Je me rappelle, à Diourbel, de ce vieux sur la place du marché, qui chantait des xasaaid. Tellement il les entonnait à longueur de journée, il en était habité.
À force, sous le soleil et la pollution, il avait fini par user ses cordes vocales. Et il chantait malgré tout.
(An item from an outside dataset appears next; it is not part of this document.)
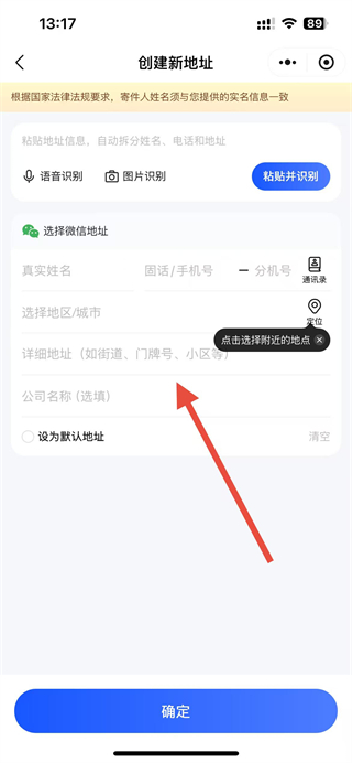 4、在創(chuàng)建新地址頁(yè)面,填寫(xiě)詳細(xì)信息,點(diǎn)擊確定按鈕即可完成收貨地址添加。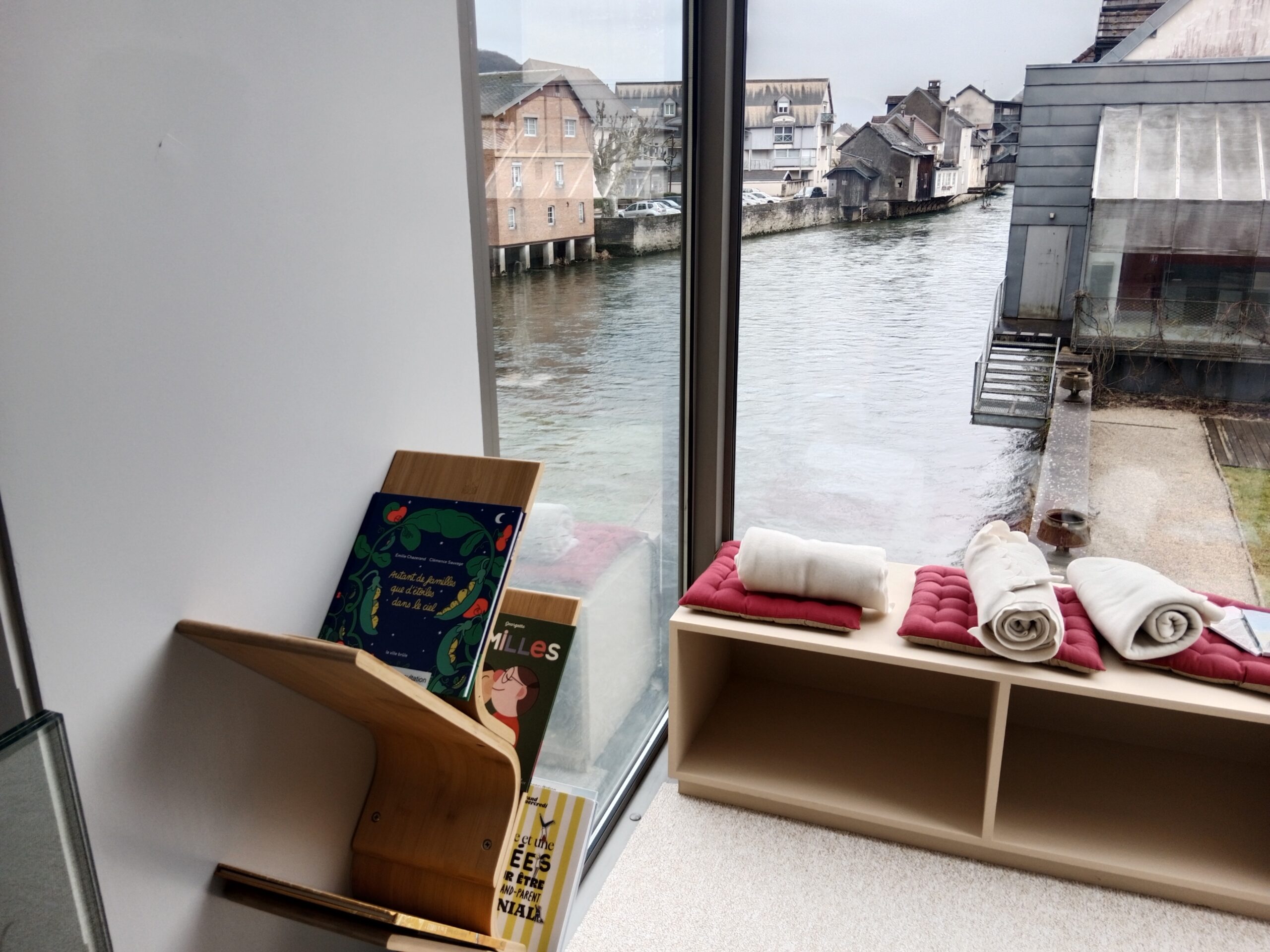 Un espace de lecture a été aménagé sur le long couloir qui surplombe la vallée de la Loue, une façon de prolonger la visite en prenant le temps de la réflexion sur les œuvres à l’aide en particulier d’ouvrages à destination des enfants et des jeunes. Le balcon offre aux visiteurs l’occasion d’une expression collective sur une thématique liée à l’exposition. Chaque semaine, une question différente permet aux visiteurs de partager leurs souvenirs et leurs émotions sur un grand tableau noir…

Même en élevant la voix, les yeux fermés, les mains collées aux oreilles, on l'entendait de - plus en plus - loin, comme s'il parlait d'un endroit éloigné.
Les passants lui remettaient pièces, billets, fruits ... Était-ce par pitié ? Par respect pour son sacrifice ? Je ne saurais le dire... Il avait un timbre qui collait à la peau et habitait l'esprit, dès qu'on l'entendait.
Aujourd'hui, bien des vendeurs utilisent le numérique, certains enregistrent leur voix et la font jouer, pour mieux se faire entendre, se faire entendre plus loin et plus longtemps. Cela enlève une certaine âme à leur affaire certes, mais préserve leur santé, surtout à Dakar avec la pollution.
Avec ce stratagème, les variations de ton que leur humeur du moment donnait à leur déclamation disparaissent, la rendant plus monotone et neutre.
Mais telle est une clef de survie pour eux, pour elles.